Highlights
- India's organised gold loan AUM has expanded from around Rs 6.3 lakh crore in March 2023 to roughly Rs 19.4 lakh crore in March 2026.
- Banks held about 82% of organised gold loan AUM as of March 2025; NBFC share reached about 20% by March 2026.
- NBFC gold loan AUM is projected to expand 30–35% in FY2026, supported by elevated gold prices.
- The growth reflects a continuing shift of borrowers from informal lenders to the organised sector.

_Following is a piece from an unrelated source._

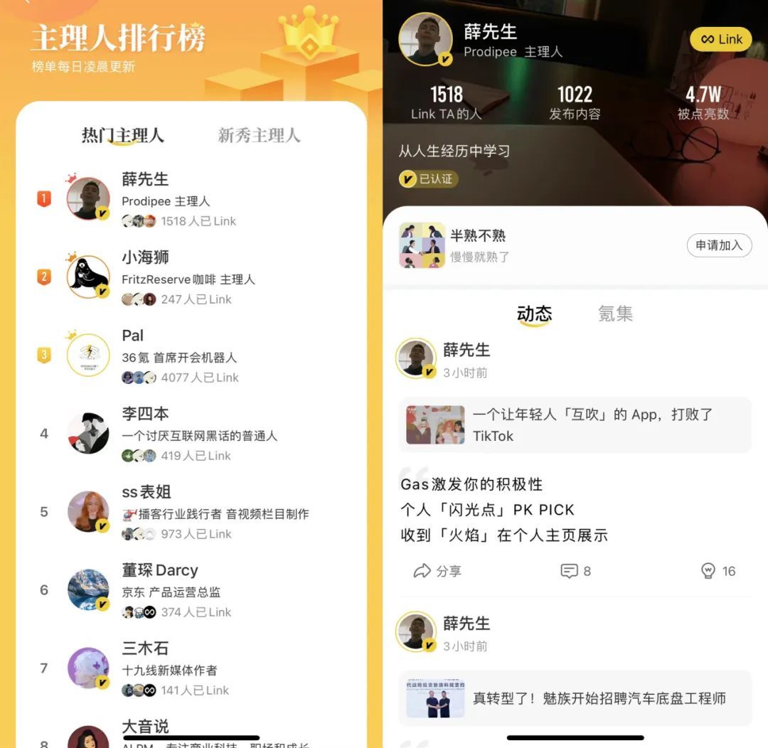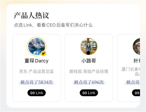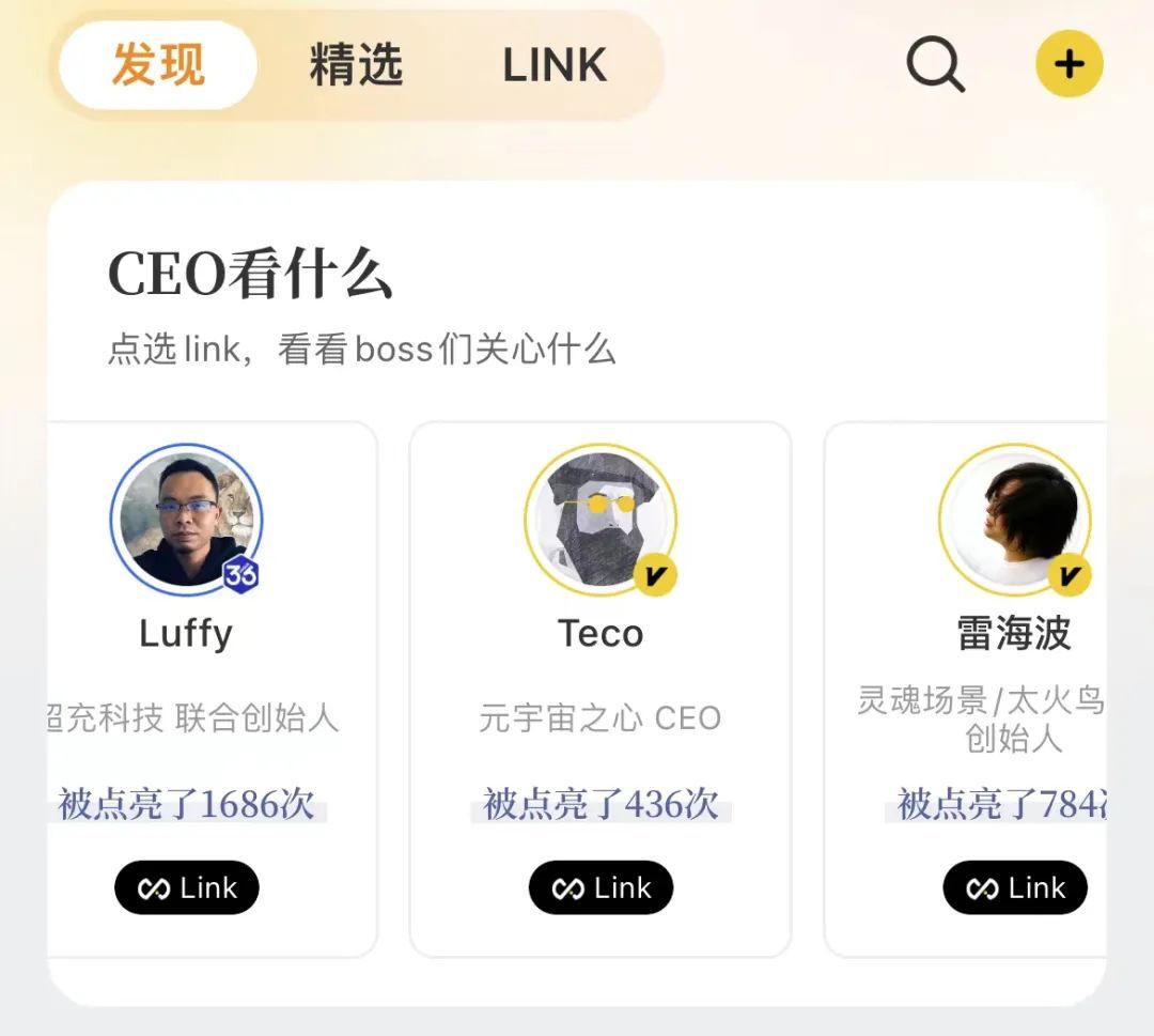 主理人需要填写行业、职位等信息进行申请,成为主理人后每天可以发布1-5条包含图文或视频链接的内容。用户可以通过“Link”主理人,获取自己感兴趣的内容和话题。
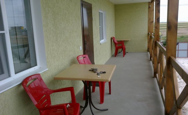 В номере есть сплит-система, телевизор с плоским экраном, спутниковое ТВ, WI-FI, большой холодильник, шкаф, удобный столик, с террасы открывается отличный вид на Азовское море.

Gold has always functioned as collateral in India; what has changed is who is holding it. The country's organised gold loan market has expanded at a pace few secured lending categories can match, growing from roughly Rs 6.3 lakh crore of assets under management in March 2023 to about Rs 19.4 lakh crore by March 2026.
That trajectory tells two stories simultaneously — one about the price of gold, and one about a structural migration of borrowers away from the informal moneylender and toward regulated institutions.
Why Investors Are Watching
Gold loans are among the most defensively structured products in Indian lending. The collateral is liquid, easily valued, and physically held by the lender, which keeps loss-given-default low. When gold prices rise, the same pledged quantity supports a larger loan, mechanically expanding the book without any increase in the number of borrowers.
That is a substantial part of what has driven the recent expansion. NBFC gold loan assets under management are projected to grow 30–35% in FY2026, a rate supported directly by the strength in gold prices. Growth of that character is real, but it is not the same as growth driven purely by new customer acquisition, and the distinction matters when assessing durability.
Market Context
The competitive structure is shifting. Banks continued to dominate the organised market with roughly 82% of total AUM as of March 2025, but the NBFC share had reached about 20% by March 2026. Specialist non-bank lenders have been growing faster than the banking channel, gradually rebalancing a market that banks have long controlled.
The wider financial sector backdrop is one of expansion. Banks are set for a Q1 credit boost, though net interest margin pressure may temper the earnings translation. Gold loans, being secured and typically higher-yielding than mainstream retail credit, occupy a favourable position within that margin equation.
What Market Participants Will Monitor
Gold price sensitivity cuts both ways and is the primary variable. A sustained correction in bullion would compress loan-to-value headroom, potentially triggering top-up demands or auctions, and would slow the mechanical AUM growth that elevated prices have supplied.
Regulatory treatment is the second axis. Loan-to-value norms, auction practices and disclosure standards have all attracted supervisory attention across the retail lending space, and any tightening would affect the NBFC channel more than the bank channel. Asset quality and collection efficiency data through the Q1 FY27 reporting season will provide the near-term evidence.
Industry or Peer Perspective
The gold loan business sits within a broader Indian financial services sector that is drawing significant capital. SBI Funds Management, a subsidiary of State Bank of India (NSE:SBIN), has opened a Rs 9,813-crore initial public offering at a price band of Rs 545–574 per share, and Poonawalla Fincorp (NSE:POONAWALLA) approved the issuance of secured, redeemable non-convertible debentures worth up to Rs 500 crore via private placement.
Those datapoints indicate that funding access for non-bank lenders remains open, which matters directly for a business whose growth depends on the availability and cost of wholesale borrowing.
Conclusion
India's organised gold loan market has roughly tripled its asset base in three years, with banks still holding the majority share and NBFCs steadily gaining ground. Elevated gold prices and the ongoing shift away from informal lending are the two forces behind it.
The question the sector now faces is what happens to the growth rate if gold prices stop climbing. That is the variable on which the durability of the expansion rests.
FAQs
Q: Why is the company in focus today?
A: The focus is on India's gold loan market, where organised AUM has grown from around Rs 6.3 lakh crore in March 2023 to roughly Rs 19.4 lakh crore in March 2026. Elevated gold prices and a shift from informal to organised lending have driven the expansion.
Q: What factors are investors monitoring?
A: Gold price levels, which directly determine loan-to-value headroom and the mechanical growth in AUM, and the regulatory treatment of loan-to-value norms and auction practices. NBFC gold loan AUM is projected to expand 30–35% in FY2026.
Q: Which peer companies are relevant?
A: Specific listed gold loan names are not clearly supported by the available research, so peer relevance is limited on that basis. In the broader non-bank lending space, Poonawalla Fincorp (NSE:POONAWALLA) and State Bank of India (NSE:SBIN) feature in the current financial sector news cycle.
Q: Is this article investment advice?
A: No. This article is intended solely for informational purposes and should not be considered investment, financial or trading advice.